__WORK REQUIRED__: Write each line out exactly, from the one containing "マイクロソフトが発売している" through the final line of the data, and keep pictures out of the copy.

__DATA SEGMENT__:
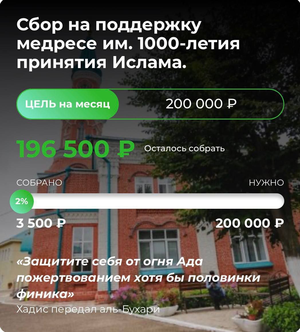 Открыт ежемесячный сбор на поддержку одного из ключевых центров исламского образования. 📖Медресе им.1000-летия принятия Ислама — классическое татарское медресе, где знание всегда шло рядом с воспитанием. Исторически такие медресе держались на поддержке общины и меценатов, понимавших: без заботы об устазах невозможно сохранить веру и преемственность. И сегодня эта ответственность лежит на нас. 🎯Цель сбора — 200 000 ₽. 🔗Поддержать: https://medrese-1000-kazan.ru/?ref=29560409 🌱Отдавая ради Аллаха, мы не теряем, мы сохраняем.
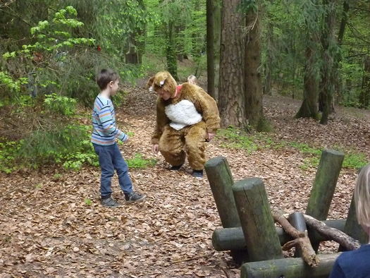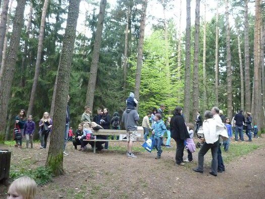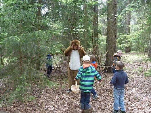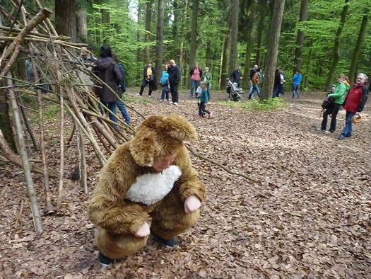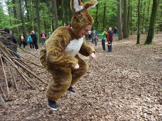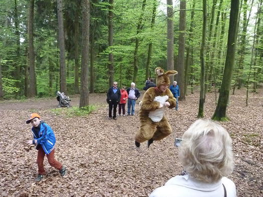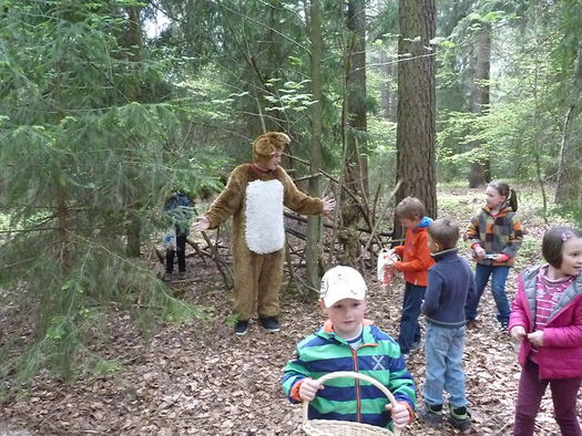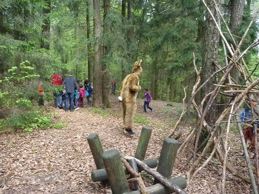 An fünf ausgeschilderten Stationen hatte der Osterhase Leckereien versteckt, die dann „schubweise“ von den Suchtrupps geplündert wurden. Der erste Ansturm ist wie jedes Jahr fast ein Wettrennen nach den meisten Eiern und Schokohasen, nach gut einer Stunde gibt sich das meistens und die Kinder entdecken den Wald. Etwas weniger Ehrgeiz und etwas mehr Muße bringen dann auf lange Sicht doch die erhofften Ergebnisse im Korb. Da die vielen Helfer des Osterhasen genug Geduld mitbringen, der Hase selber kommt durch die vielen Kinder kaum zu seiner Arbeit, finden sich auch am späten Nachmittag noch Geschenke im Wald.
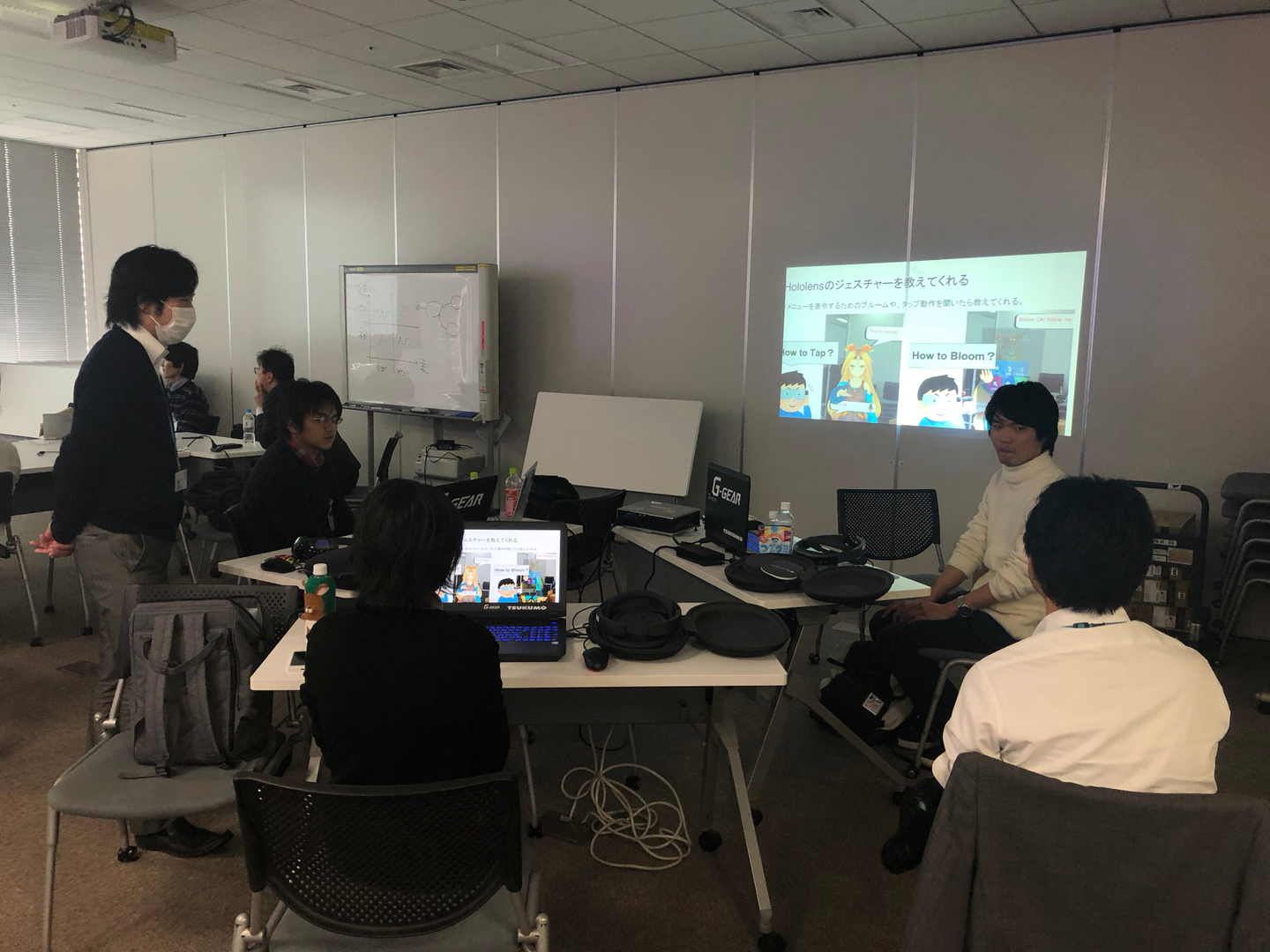 マイクロソフトが発売しているMR(MixedReality)デバイス「HoloLens」を利用し、MRエージェントと対話を行うアプリを作成しました。このコースでは弊社が一人一台開発用PCとHoloLensを用意し、Unityによるアプリケーションの実装を行ってもらいました。30万円近くする個人ではなかなか手が出せないデバイスを実際に用いることができたり、マイクロソフトMVPアワードを受賞されたメンターを含むスペシャリスト達からのフォローもあったりで刺激的だったようです。
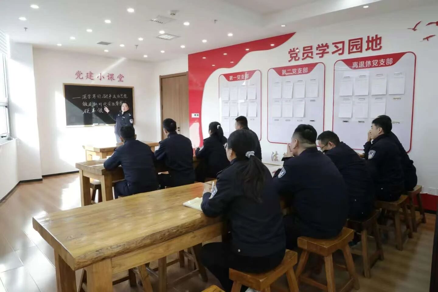 本次活动聚焦提升政治素养与凝聚发展共识,通过专题学习、风采展示与座谈交流相结合的形式,激励队伍担当作为。活动首先由大队教导员张斌丽讲授专题党课,围绕“深学笃行习近平法治思想,锻造新时代司法警察过硬本领”主题,结合司法警务实践,系统讲解核心要义,并融入纪律警示教育与先进事迹宣讲,筑牢思想根基。

__OUTPUT OF THE TASK__:
 マイクロソフトが発売しているMR(MixedReality)デバイス「HoloLens」を利用し、MRエージェントと対話を行うアプリを作成しました。このコースでは弊社が一人一台開発用PCとHoloLensを用意し、Unityによるアプリケーションの実装を行ってもらいました。30万円近くする個人ではなかなか手が出せないデバイスを実際に用いることができたり、マイクロソフトMVPアワードを受賞されたメンターを含むスペシャリスト達からのフォローもあったりで刺激的だったようです。
 本次活动聚焦提升政治素养与凝聚发展共识,通过专题学习、风采展示与座谈交流相结合的形式,激励队伍担当作为。活动首先由大队教导员张斌丽讲授专题党课,围绕“深学笃行习近平法治思想,锻造新时代司法警察过硬本领”主题,结合司法警务实践,系统讲解核心要义,并融入纪律警示教育与先进事迹宣讲,筑牢思想根基。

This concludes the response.